Personal information
- Full name: Vicente Martínez Duart
- Date of birth: 1895
- Place of birth: Catalonia, Spain
- Date of death: 20 September 1963 (aged 67–68)
- Place of death: Catalonia, Spain
- Position: Forward

Youth career
- 1905–1907: Madrid de Barcelona
- 1907–1911: CE Europa

Senior career*
- Years: Team / Apps / (Gls)
- 1911–1915: CE Europa
- 1915–1923: FC Barcelona / 285 / (203)

International career
- 1915-1925: Catalonia / 7 / (4)

= Vicente Martínez (footballer) =

Spanish footballer

Vicente Martínez Duart (1895 - 20 September 1963) was a Spanish footballer who played as a forward. He was one of the great forwards of Barcelona's early history, netting 203 goals in 285 games between 1915 and 1923, although this tally includes goals scored in friendlies and unofficial games.

==Club career==
He began his career at the youth ranks of Madrid de Barcelona, who after merging with Provençal in 1907 created the CE Europa. Martínez's qualities quickly stood out from the rest and soon he was promoted to the first team in 1911, at the age of only 16. One of the first matches he played was a friendly against Numancia on 23 July 1911, and some sources state that he is the youngest player in history to wear Europa's shirt, but it's not known for sure due to the lack of information. At Europa, he formed a partnership with the Pelaó brothers (Estebán and Bonaventura) and continued to score prolifically for the club, unfortunately, and due to the little statistical rigor that the newspapers had at that time, we know nothing about his goalscoring records with Europe. His goalscoring records eventually drew the attention of Barcelona, who signed him in 1915 in what is considered one of the first major transfers in Europe, because at the time, club changes, especially of the main star players, were not too common. His move to Barcelona was not too well received by his Europa teammates, who considered his transfer a betrayal.
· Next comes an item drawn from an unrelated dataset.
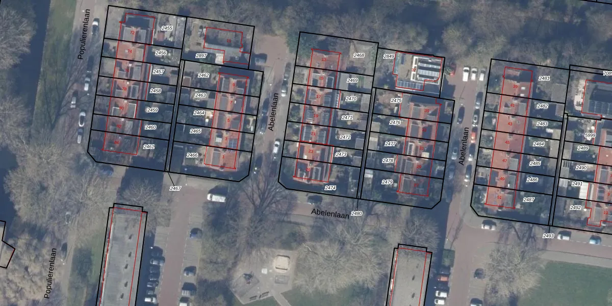 Gebruik de zoekbalk of klik op een perceel voor informatie over de adressen binnen dit perceel.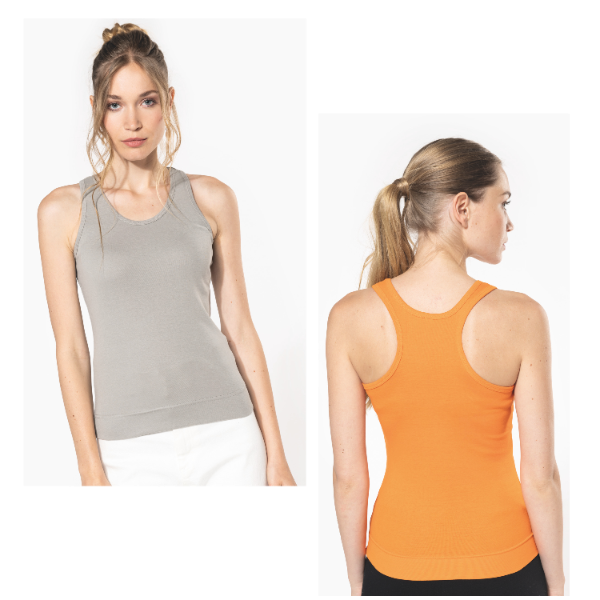 100% coton. Côte 1x1. Dos nageur. Finition double aiguille.

At Barcelona, he did not lose his goal-scoring instinct, becoming one of the great forwards of the club by netting 203 goals in 285 games between 1915 and 1923, although this tally includes goals scored in friendlies and unofficial games. With Barcelona he won 5 Catalan championships in 1915–16, 1918–19, 1919–20, 1920–21 and in 1921–22, along with two Copa del Rey titles in 1920 and 1922, with Martínez scoring the opening goal in the former final.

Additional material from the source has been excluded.